What was once a wide-eyed outlook for the wind industry in Gray and Roberts counties, has somewhat fizzled out.

But as doubt surrounds a proposed wind farm built by T. Boone Pickens, we looked into what the future is for Pampa.

It was May 27th of last year when the former Amarillo oilman was in Pampa telling a crowd how he intended to build the world's largest wind farm.

That day we asked him how he could build such a massive project.

"Is that a real question?" said Pickens, "If I tell someone I'm going to do something I'm going to do it."

Now pickens has scaled that vision back.

"They have told us they are not scrapping it but they are delaying it," said Clay Rice, the Executive Director of the Pampa Economic Development Corporation.

 What was originally meant to be in operation by 2011, is now pushed back two years.
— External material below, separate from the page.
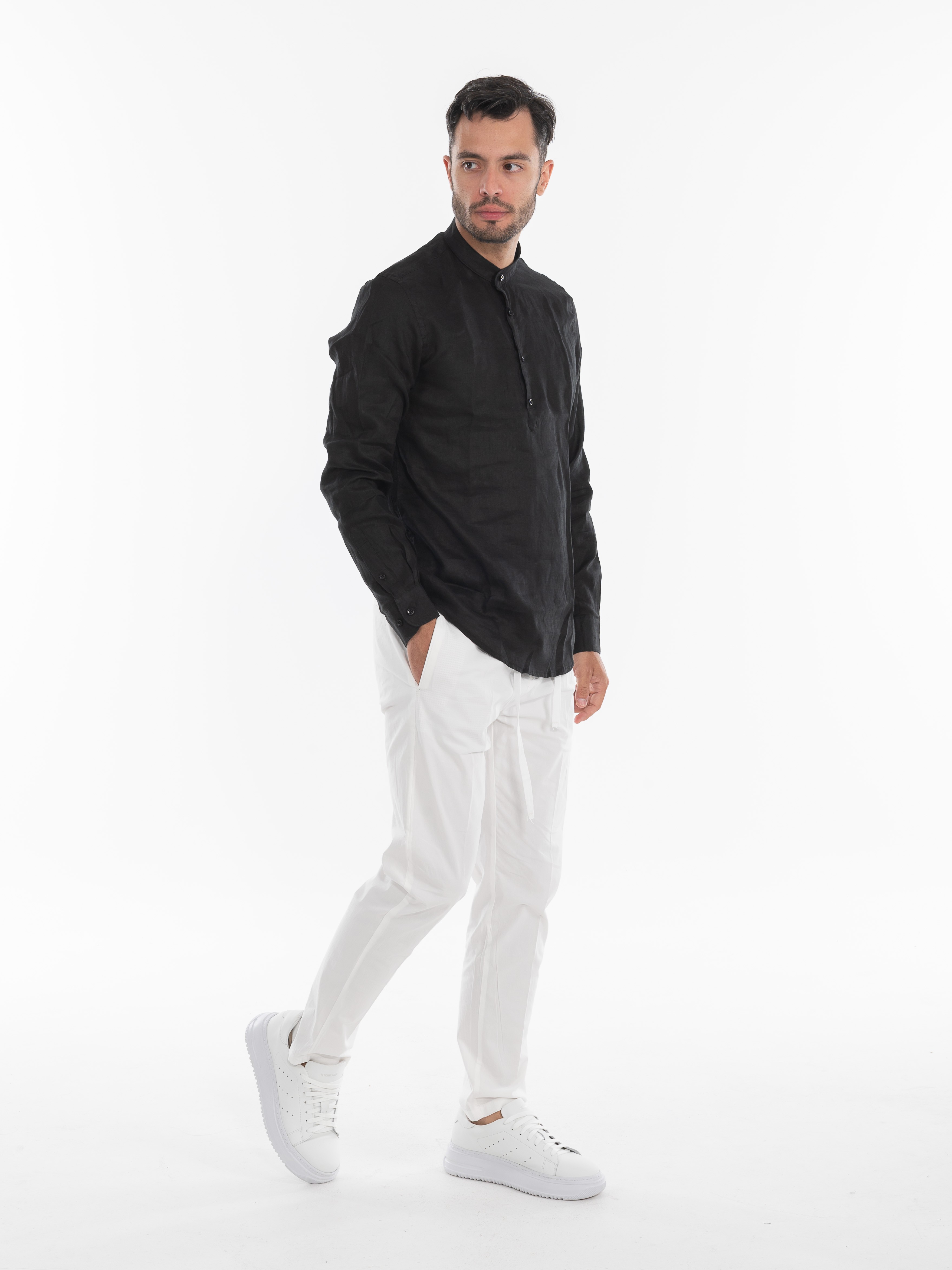 Characteristics : >: Linen mao shirt in regular fit line. 100% linen

And the project now is about a quarter the size of its original goal of four thousand megawatts, or enough power for over two million homes. 

Proof the project will move forward can only be confirmed by people who have leased their land to Mesa Power LP, Picken's wind energy company.

"For my client that means their leases would continue and they'll continue to receive their annual rent," said James Wester, an attorney for Underwood Law Firm.

Last year mesa power canceled about 100 leases.

And now some people in Pampa are wondering if this town can still become "The Wind Capital of the World."

For that to happen, and bring the economic benefit this town needs, many experts say that depends on the transmission lines the Public Utility Commission of Texas is funding.

"We will see a glut of activity to coincide with building wind farms and transmission lines all trying to occur at the same time," said Wester.

"We think that the growth is inevitable we just can't say specifically what year, what time. We do believe growth is inevitable," said Rice.

"It's just going to take a little bit longer than some of those folks originally thought," said A.J. Swope, the Executive Director of Class 4 Winds.

Last year Mesa Power released an economic report saying its proposed four thousand megawatt farm could employ at least 15 hundred people and mean millions if not billions of dollars of revenue for the surrounding area.

The experts we spoke with say with continued development by other companies, Pampa should still see that boom.